Although they are "creatures of the province," municipal governments control everything from zoning policies to parking minimums, meaning they can substantially reform the approvals system to get more housing built faster.

Builders and developers can adopt more resource-efficient forms of construction, like reusing and repurposing materials, to reduce costs, and utilize new technologies and building methods to increase productivity.

The organized labour and higher education sectors can ensure Ontario has an adequate supply of properly trained workers. The latter should share their enrolment forecasts with municipalities, developers, and builders so they can plan for growth.

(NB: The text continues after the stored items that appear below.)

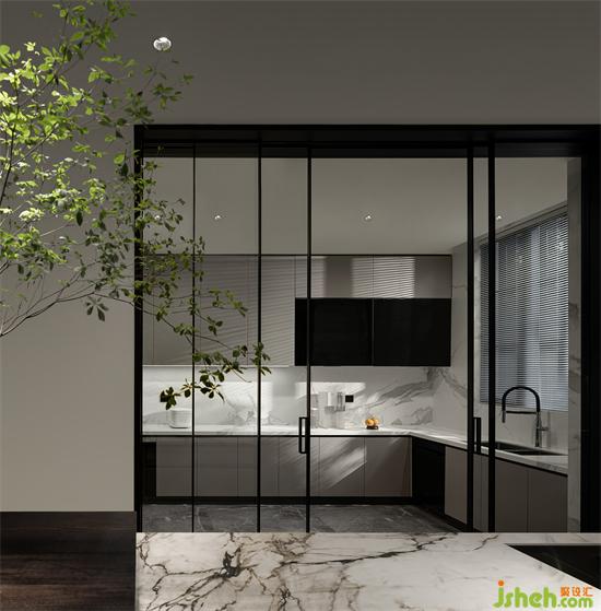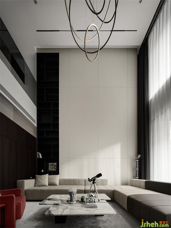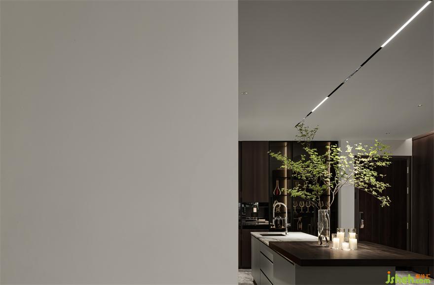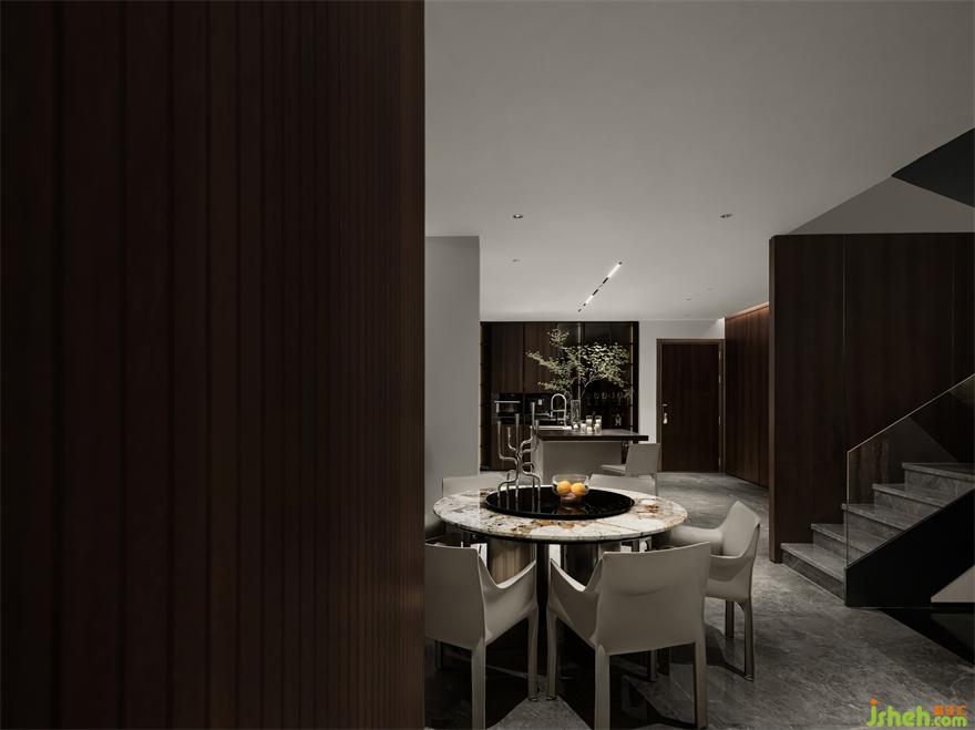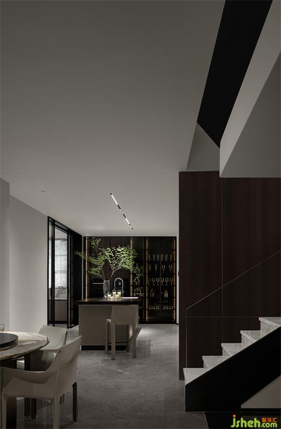 住宅的一層被規(guī)劃為公共生活區(qū),包括客廳,餐廳以及廚房客廳的中心區(qū)域,別墅裝飾設(shè)計整個空間是開放而流動的,黑色的壁爐鑲嵌在煙熏橡木色制作的通高的展柜之間,溫暖而有質(zhì)感,當外面的落地玻璃打開,空間和花園連接起來,整個空間會變成一個社交型場所,在這里可以品酒,聚會,戶外燒烤,一場流動的盛宴會在這里發(fā)生。對家的定義每個時代的人對它的認知是不同的,三年疫情或許讓很多人的生活方式發(fā)生了改變,聚會和社交已經(jīng)逐步的變成了私宅的一部分。
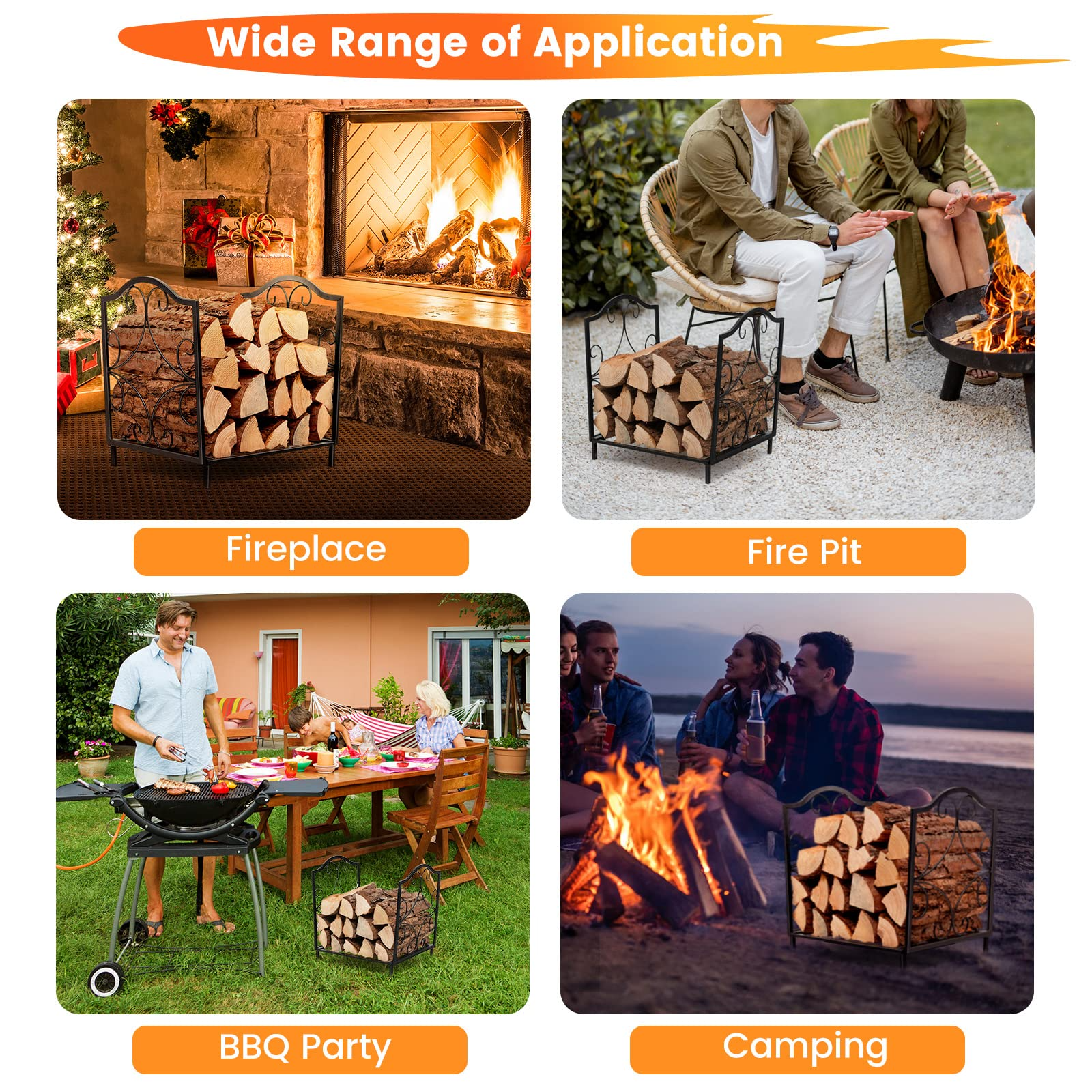 - Wide Range of Application: This heavy-duty steel log holder is designed for both indoor & outdoor use, including the living room, bedroom, backyard, patio, porch, deck, garden, and so on. You can place the firewood rack beside your fireplace, wood-burning stove or fire pit to store, stack, dry, or display firewood.
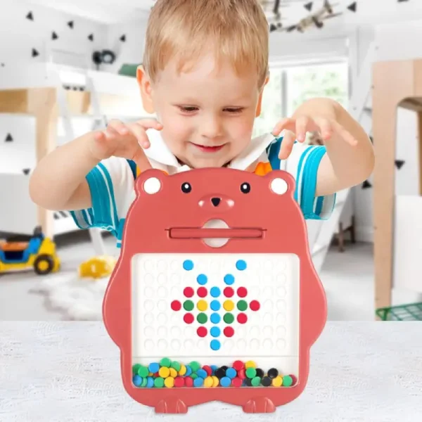 Copiii folosesc stiloul magnetic pentru a muta bilele colorate și a completa modele ilustrate – inimioare, flori, stele, animale și multe altele. Fiecare reușită e o mică victorie care le oferă încredere și bucurie!
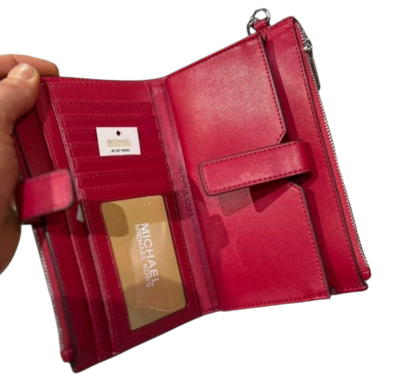 Michael Kors Jet Set Large Women Logo Double Zip Wristlet Wallet Dark Raspberry
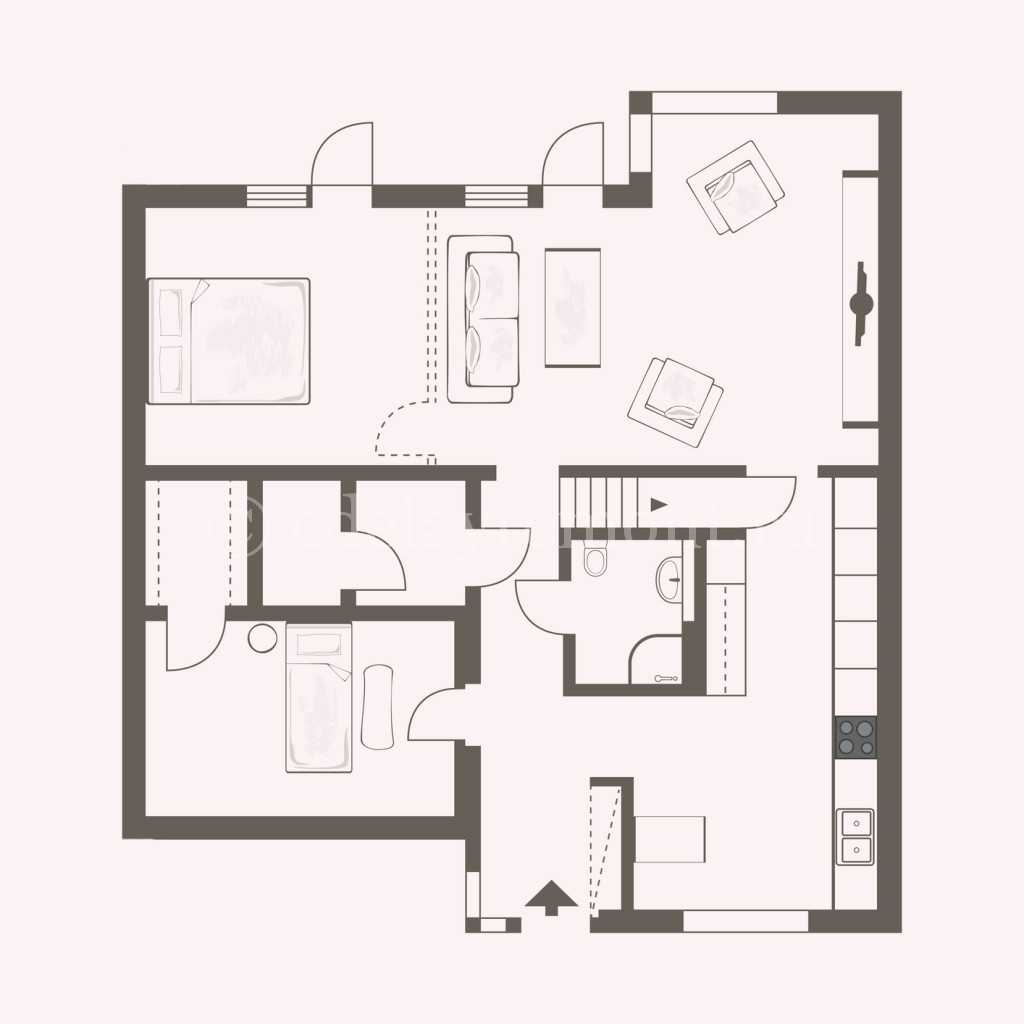 Одноэтажный дом разграничивают на зоны с помощью перегородок, а также размещая помещения однотипной функциональности в одном крыле. В двухэтажных коттеджах спальни, гостевые и детские комнаты традиционно располагаются на втором этаже, а на первом находятся хозяйственные и служебные помещения общего пользования.
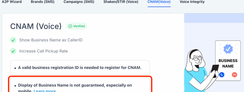 /in What's New?27th August 2025 Setting the Right Expectations for CNAM We have updated the CNAM registration screen to clarify how Caller ID Name (CNAM) operates. Access the CNAM registration screen through sub-account Settings > Phone Numbers > Trust Center > CNAM (Voice). No changes have been made to the operation of CNAM. Our aim was to […]

While building 1.5 million homes by 2030 will require a "monumental effort," it is necessary to accommodate the rapidly growing population. Moffatt points to San Francisco, with its high home prices, high rates of homelessness, and dwindling middle class, as being a foreshadowing of Ontario’s future if change is not swift.

"I think a betting person would say we’re probably going to miss the target. But, my counter to that is that we have to hit it," Moffatt said.

"Or else what we’re already seeing in food banks, in these tent encampments all across the province, that is only going to get worse. So will we get there? I don’t know. But I think we really have to try our best to. There’s no other option."